Desondanks is ook ‘Pioniers’, dat het leven van een aantal boerenzoons weergeeft, die vechten tegen zichzelf en tegen de omstandigheden, vechten met de klei en met de directie van de Noordoostpolder, om een eigen bedrijf, een roman die de moeite van het lezen zeker waard is.
J.E.N.
| |
Frithjof E. Bye, De grote eenzaamheid. (Geaut. vert. Noors Greta Baars-Jelgersma en Roiv Ravn). Uitg. C.F. Callenbach N.V., Nijkerk. z.j.
Dit boek is een vervolg op ‘Wolven huilen rond het bosmeer’. Het laat zich volgens de uitgeefster ook zeer goed afzonderlijk lezen, maar ik mag niet nalaten de aandacht te vestigen op de bezwaren, die hiertegen bestaan. Bye moet van de vooronderstelling uitgegaan zijn, dat de lezer zijn romanfiguren kende, want hij introduceert hen niet. Daardoor blijven sommige min of meer zweven. Ze zijn niet afgetekend. Ook enkele voorvallen, die nawerken in dit deel, worden niet weer opgehaald. Het is daarom jammer, dat aan dit boek geen verklarende inleiding vooraf is gegaan. Ook overigens heb ik echter bezwaren. Men mag zich afvragen of de uitgave in het Nederlands een verantwoorde daad is. Persoonlijk ben ik van mening, dat uitsluitend de werken die klassiek zijn, of de mogelijkheid in zich houden, om dit te worden, voor vertaling in aanmerking komen. En ‘De grote eenzaamheid’ behoort niet tot deze categorie. Het boek laat zich prettig lezen en bezit ontegenzeggelijk z'n kwaliteiten, maar onder de meesterwerken van de wereldlitteratuur kan men het niet rangschikken. Het behoort tot de betere ontspanningslitteratuur. De probleemstelling en karakteruitbeelding grijpen nu eenmaal niet hoger. Misschien is de stylistische waarde van de Noorse uitgave groter, maar deze is door de vertaling verloren gegaan.

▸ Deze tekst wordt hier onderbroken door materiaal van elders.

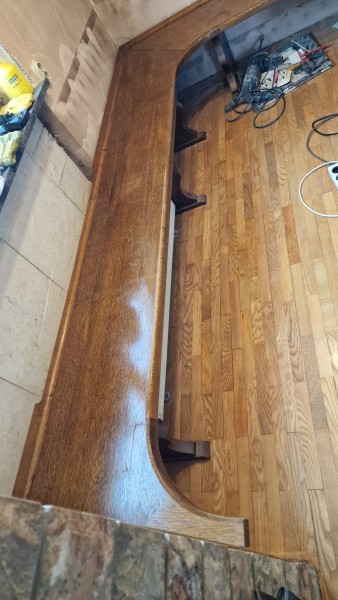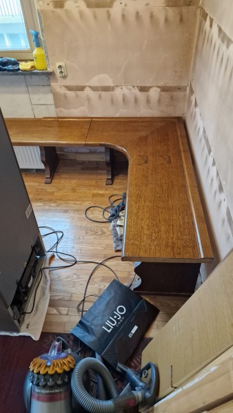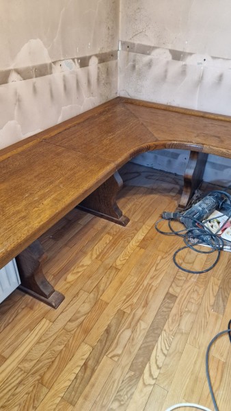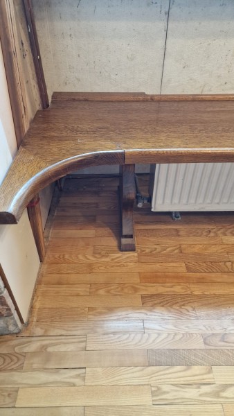 Kotna klop: višina 46,5 cm, globina 45 cm, debelina 4 cm. Posamezno: Kratka je dolga 160 cm in druga je dolga 204 cm, narejeno pri mizarju, hrastov furnir.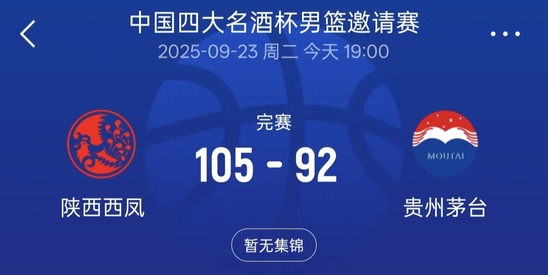本场比赛之前,首先开赛的陕西西凤酒队(青岛男篮)105比92战胜了贵州茅台队(广东男篮)!徐杰、焦泊乔、王少杰、张文逸出战。西风酒队净赢贵州茅台队13分。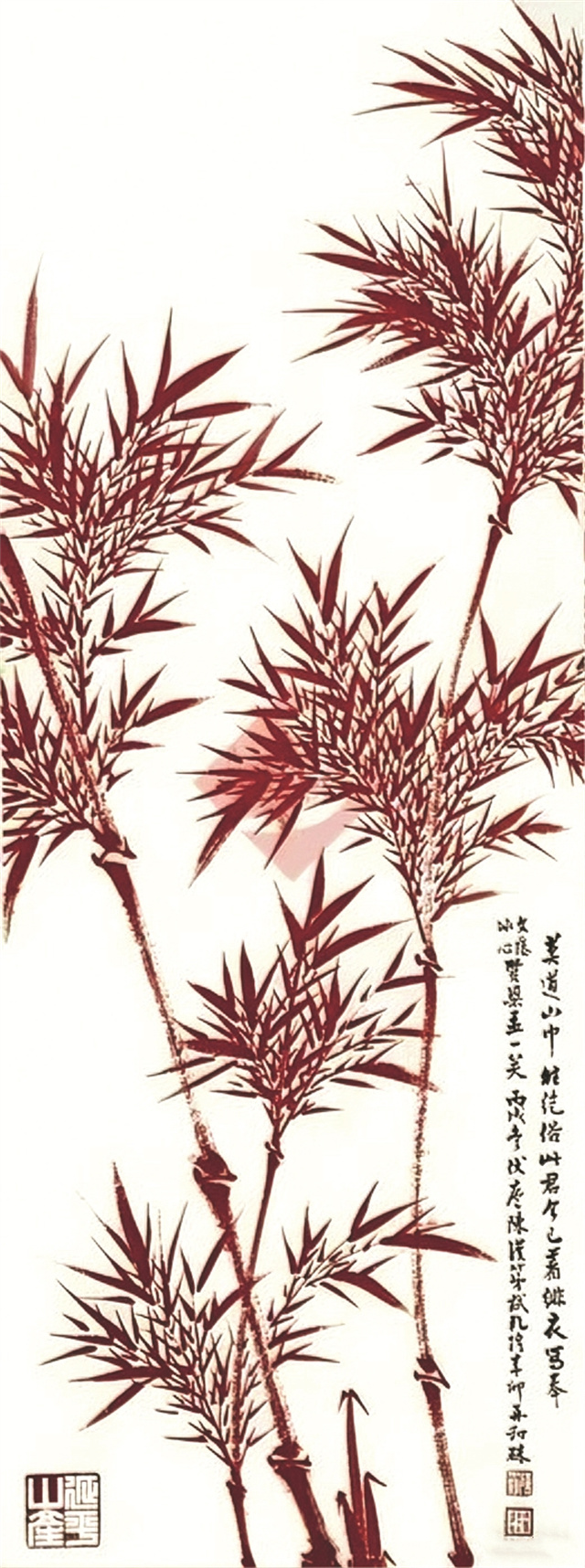陈伏庐国画《朱竹图》(1946),冰心捐赠 中国现代文学馆 藏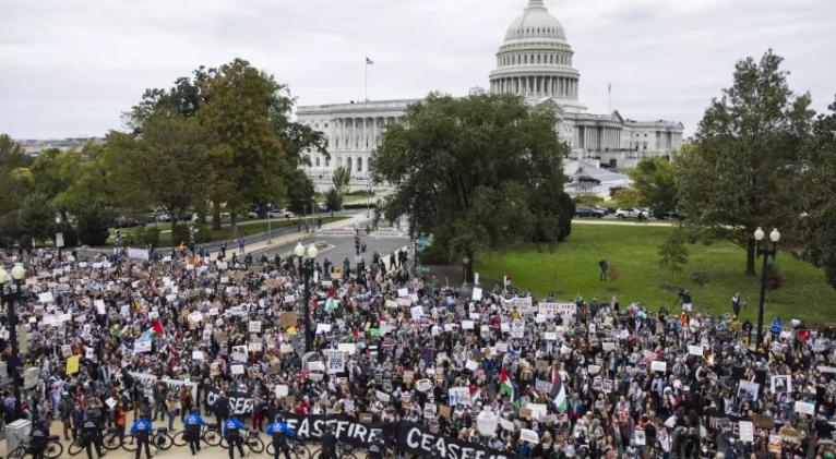 La organización "If not now" había convocado a la gente bajo el lema “Los judíos dicen 'Alto el fuego en Gaza' ahora" y eligió el Capitolio, que alberga el Senado y la Cámara de Representantes de Estados Unidos, para que los legisladores oyeran "alto y claro" ese reclamo, según indica en X.
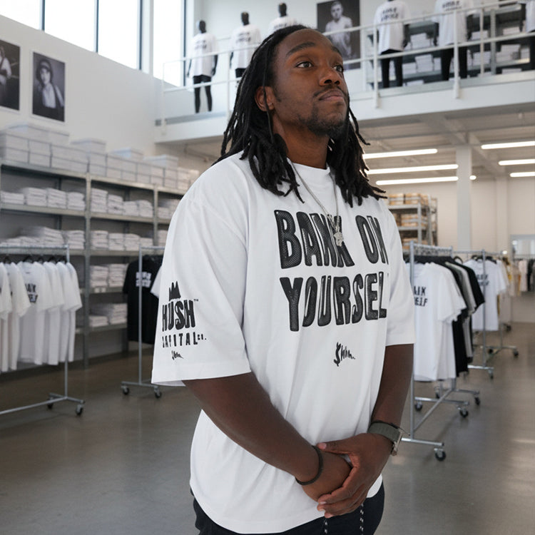 On the back, the tee carries a powerful message: “Bank on Yourself” and “Secure the Legacy.” It’s more than just apparel, it’s a reminder to invest in your vision, trust your grind, and leave your mark.

Zij, die met mij van mening verschillen omtrent de wenselijkheid, ook dit genre in vertaling onder het Nederlands publiek te brengen, zullen zich misschien beroepen op een gebrek aan goede oorspronkelijke werken van deze soort. Dit tekort bestaat echter zeker niet bij het publiek. Het is immers practisch onmogelijk, zelfs voor een verwoede kettinglezer, om van alle nieuwe uitgaven ook maar kennis te nemen. Dat een uitgever wel eens verlegen zit, geloof ik graag. Maar liever dan z'n toevlucht te nemen tot vertalingen als deze, zou hij zich naar mijn mening moeten toeleggen op het herdrukken van goede Nederlandse werken. Er zijn in onze eigen litteratuur talloze romans die, tot onze schade, nagenoeg vergeten zijn, en die zeker niet voor dit Noorse werk onder behoeven te doen.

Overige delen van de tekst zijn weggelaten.